Api.access.deny doesn't seem to return any value

Hi,

I have read a lot of different questions in here about api.access.deny, redirect and error messages but I still haven’t found an adequate answer yet. So below are my two questions to this topic.

1. General questions about “api.access.deny(‘reason’)” in the “onExecutePostLogin” flow

The documentation says the following:

api.access.deny(reason)

Mark the current login attempt as denied. This will prevent the end-user from completing the login flow. This will NOT cancel other user-related side effects (such as metadata changes) requested by this Action. The login flow will immediately stop following the completion of this action and no further Actions will be executed.

Parameter: reason
Description: A human-readable explanation for rejecting the login. This is sent as error_description to the application that initiated the request.

Questions:
What does mark actually mean under the hood?
Can I replicate this myself by setting some secret variable to true/false?
If I use api.redirect.sendUserTo(redirectToUrl); without using the api.access.deny method, will it have the same effect or do I need to do/set something else as well?

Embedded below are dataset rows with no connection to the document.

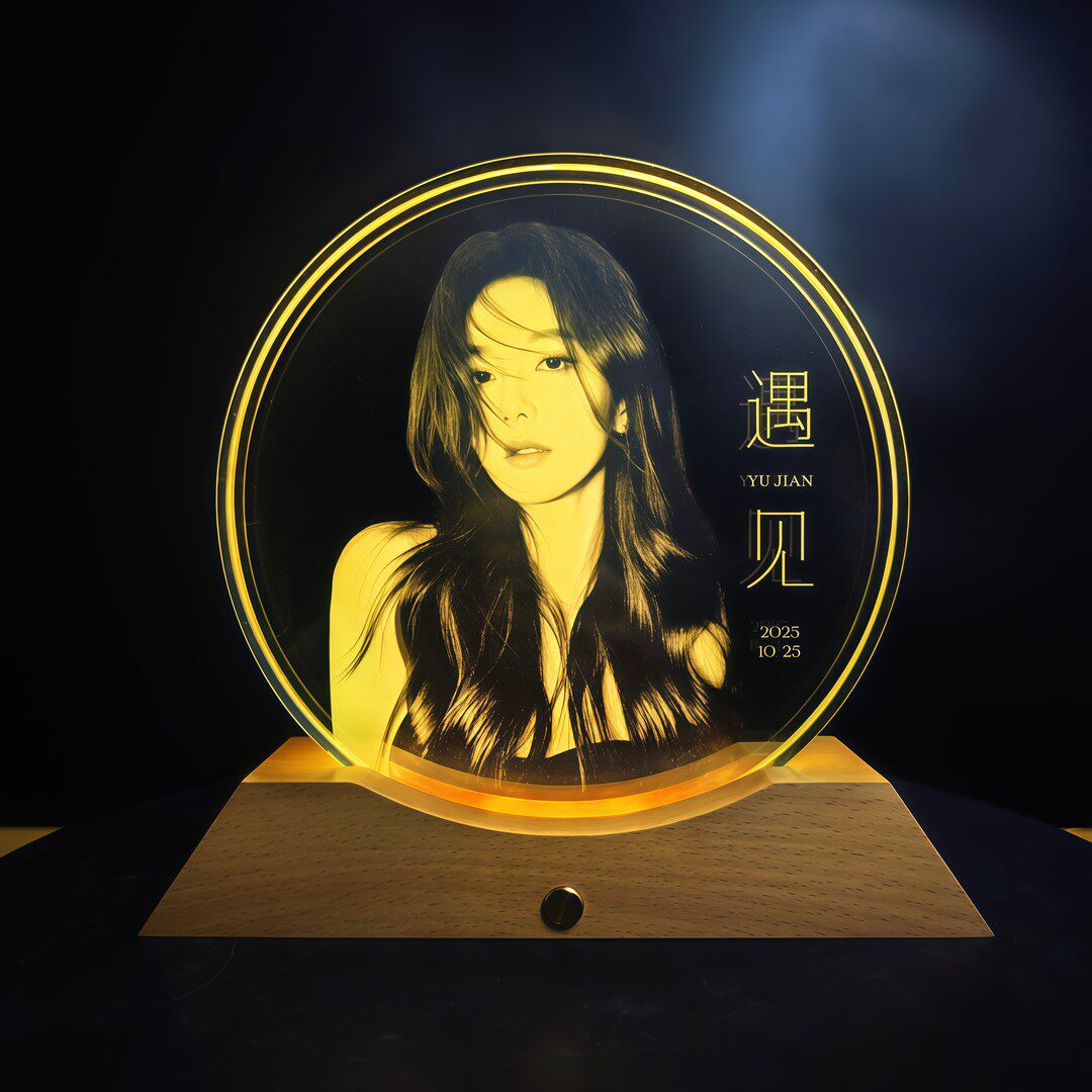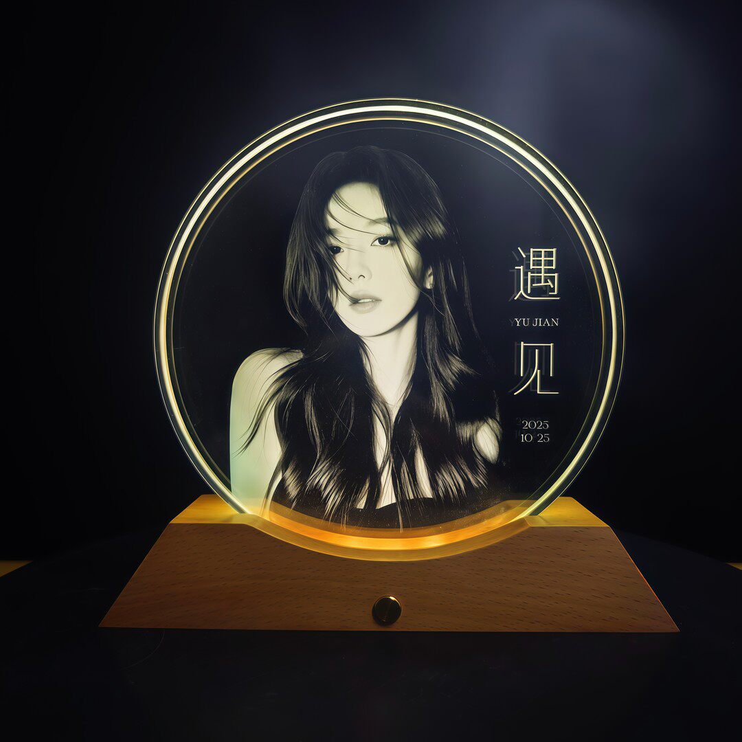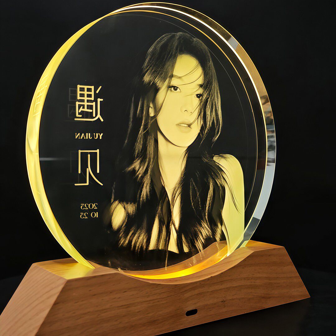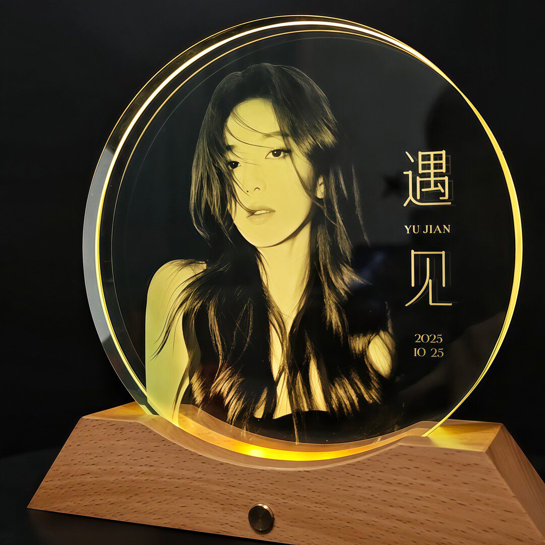 📚 升级款水晶玻璃内雕生日发光摆台跨年夜情人节照片相框摆台定制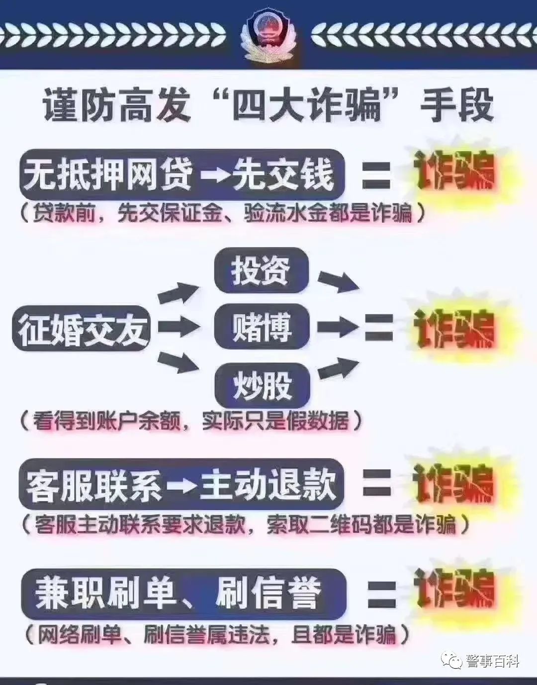 这张由「南京公安」制作的宣传图,汇集了当下中国最常见的58种电信网络诈骗手法,堪称悬在诈骗犯罪分子头上的达摩克里斯之剑,反诈宣传工作最得心应手的武器。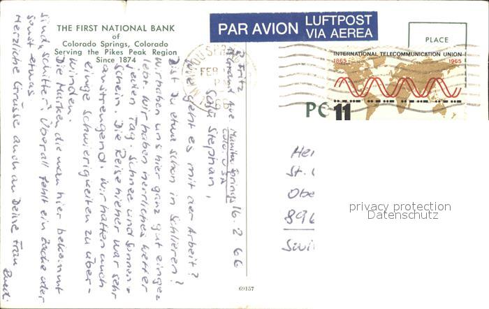 11693845 old postcard Colorado Springs First National Bank postalisch gelaufen Erhaltung siehe scans KatCode: 14140060000000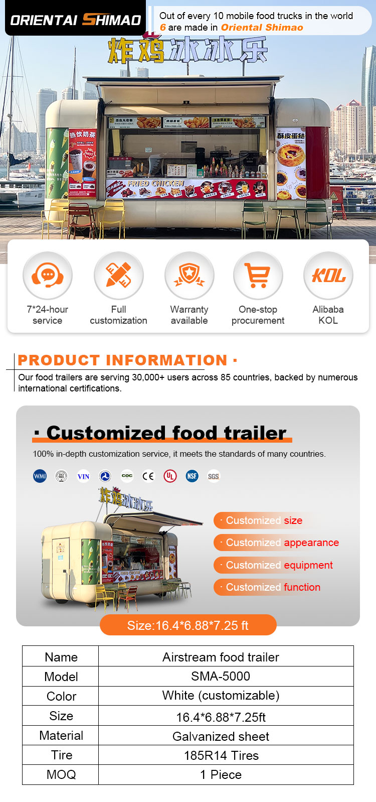 Wir können Pizza-LKW-Zertifizierungen anbieten: DOT, CE, SGS, SCI, ISO, COC,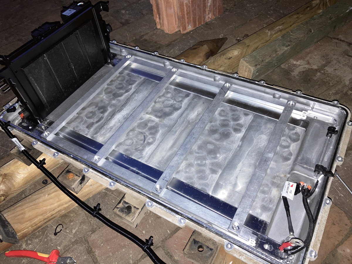 Den Akku habe ich von Gewindestangen geleitet abgelassen - so in 5-7 cm Schritten - das hat etwa eine halbe Stunde gedauert. Die Schrauben auf den äußeren Postionen rausgenommen - Gewindestangen (30 - 35 cm lang) eingedreht und Halte-Muttern mit Unterlegscheibe 2 cm unter Anschlag. Dann die inneren Schrauben gelöst und den Akku abgesenkt - mit dem Wagenheber angehoben und die Mutter ca 5cm tiefer positioniert - das ein paar Durchgänge lang. Ich denke, dass ich den Akku auch so ganz sicher wieder eingefädelt bekomme.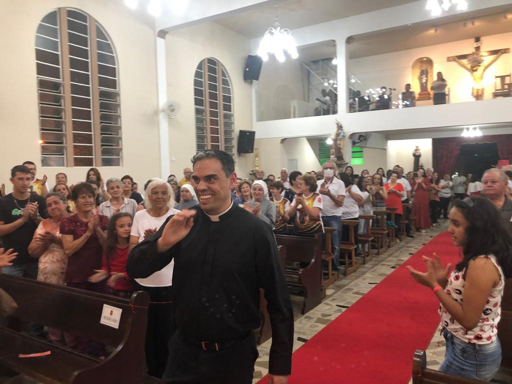 Ao final da missa, após a homenagem da comunidade, o padre realizou o discurso de agradecimento. ”Depois de uma cerimônia rica em símbolos e significados que expressa nossa fé e a responsabilidade de ser Igreja, me apresento como pastor dessa comunidade em comunhão plena com o pastor da nossa Diocese, nosso bispo. Juntos, sob o olhar de Maria, caminharemos ao encontro de Cristo”, pontuou o recém empossado.

2. According to the documentation (see question 1) it says that the parameter is sent as an error_description to the application that initiated the request, however this doesn’t seem to happen.

I have a simple C# application and the following snippets of interest.

Program.cs → Config
image

HomeController.cs → Login

HomeController.cs → Denied (by setting the deny flag in the flow. Here I would expect to see the error_description)

Login flow inside Auth0

exports.onExecutePostLogin = async (event, api) => {
  api.access.deny('Some random reason to deny the request here');    
};

Question:
Do I need to change something in the C# configuration or set a flag in the Auth0 application to get the error message?